- Ray menyebut gelombang protes yang terjadi sejak 25 hingga 30 Agustus itu tak hanya menunjukkan lemahnya komunikasi antara pemerintah dan masyarakat.
- Krisis politik yang memuncak lewat kerusuhan di DPR juga dipicu oleh melemahnya fungsi oposisi.
- Ia menilai hal tersebut sebagai indikator serius kegagalan dalam mengelola demokrasi.
Suara.com - Direktur Lingkar Madani Indonesia (LIMA), Ray Rangkuti, menilai serbuan massa ke Gedung DPR berujung ricuh pada akhir Agustus 2025 menjadi simbol gagalnya pengelolaan politik di era pemerintahan Presiden Prabowo Subianto.
Ia menyebut peristiwa tersebut tak pernah terjadi sebelumnya dalam sejarah politik Indonesia modern.
“Kali pertama juga dalam sejarah republik kita, Rumah DPR itu didatangi oleh masyarakat. Peristiwa tanggal 27, 28 sampai 30 Agustus. Nah itu juga menurut saya menandakan kegagalan politik,” kata Ray dalam sebuah diskusi publik bertajuk '1 Tahun Pemerintahan Prabowo-Gibran: Indonesia Emas atau Cemas?' di Jakarta, Minggu (19/10/2025).
Ray menjelaskan, serangan massa ke kompleks parlemen dan persekusi hingga penjarahan terhadap sejumlah anggota dewan menunjukkan kemarahan publik yang tak lagi tersalurkan melalui jalur politik normal.
Ia menilai kejadian tersebut merupakan puncak dari akumulasi kekecewaan terhadap elite politik yang gagal membaca aspirasi rakyat.
“Anggota DPR-nya pun kemudian dipersekusi melalui media sosial, didatangi rumahnya, di beberapa tempat gedung DPR-nya dibakar dan seterusnya,” ujarnya.
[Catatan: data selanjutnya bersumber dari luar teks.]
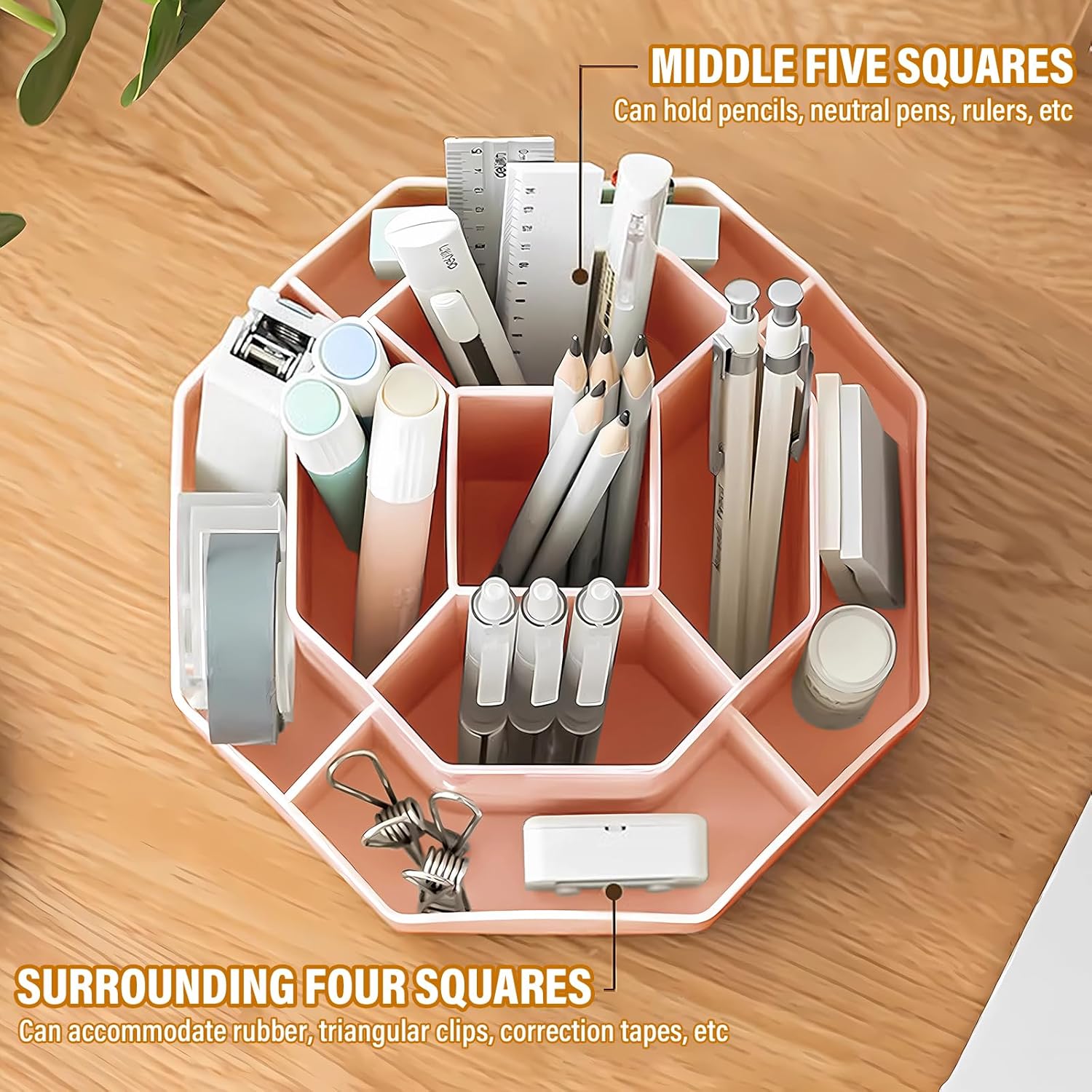 360 Degree Rotation Pen Holder,9 Slots Pencil Holder for Desk,Desk Organizer,Desk Accessories & Workspace Organizers,Apply Office, School, Home(Pink

Menurut Ray, gelombang protes yang terjadi sejak 25 hingga 30 Agustus itu tak hanya menunjukkan lemahnya komunikasi antara pemerintah dan masyarakat, tetapi juga mencerminkan kerapuhan institusi politik dalam merespons kritik publik.
Ia menilai hal tersebut sebagai indikator serius kegagalan dalam mengelola demokrasi.
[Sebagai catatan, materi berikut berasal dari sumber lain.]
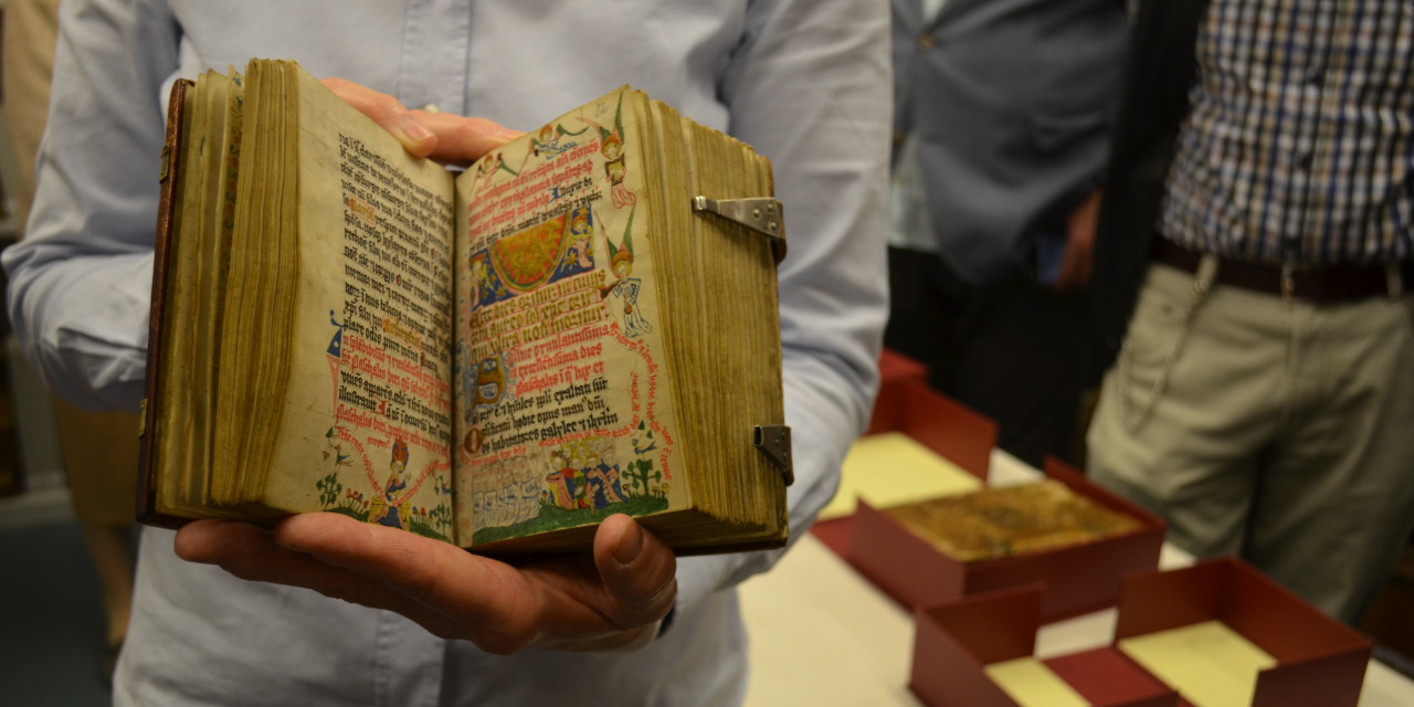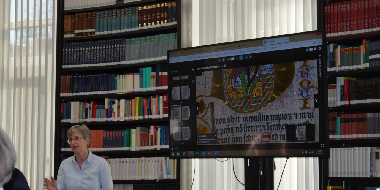 Dr. Suchan führte aus, wie Digitalisierung und Präsenz sich gegenseitig ergänzen und eine neue Qualität des Wahrnehmens und Verstehens ermöglichen. Im Mittelpunkt der Ausführungen standen zwei Gebetbücher des 15. Jahrhunderts aus dem zisterziensischen Frauenkloster Medingen bei Lüneburg, die für die Epoche in einer neuen spirituellen und künstlerischen Ausdrucksform individuell gestaltet, handgeschrieben und vielfach opulent mit Illustrationen versehen wurden. Die Handschriften sind digitalisiert und stehen im Netz zur Verfügung. Dadurch ist eine Betrachtung der Details möglich geworden, die vor der Digitalisierung so nicht angeboten werden konnte.

“Protes publik terhadap DPR dan DPRD di beberapa tempat menunjukkan kepada kita ada semacam kegagalan mengelola politik yang terjadi dalam satu tahun terakhir kepemimpinan Pak Prabowo,” kata Ray.
Baca Juga: Bakal Gelar Ratas di Kertanagara, Prabowo Panggil Mendikti Lagi Bahas Hal Ini
Ia menilai krisis politik yang memuncak lewat kerusuhan di DPR juga dipicu oleh melemahnya fungsi oposisi.
Menurutnya, ketika semua kekuatan politik berada di lingkar kekuasaan, masyarakat kehilangan saluran aspirasi yang seharusnya bisa menjadi penyeimbang pemerintah.
Ray menilai kondisi tersebut mengingatkan pada era pemerintahan yang terlalu sentralistik dan tertutup terhadap kritik.
“Ketika ruang oposisi melemah, rakyat tidak punya pilihan lain selain mengekspresikan kekecewaannya secara langsung di jalanan,” kata dia.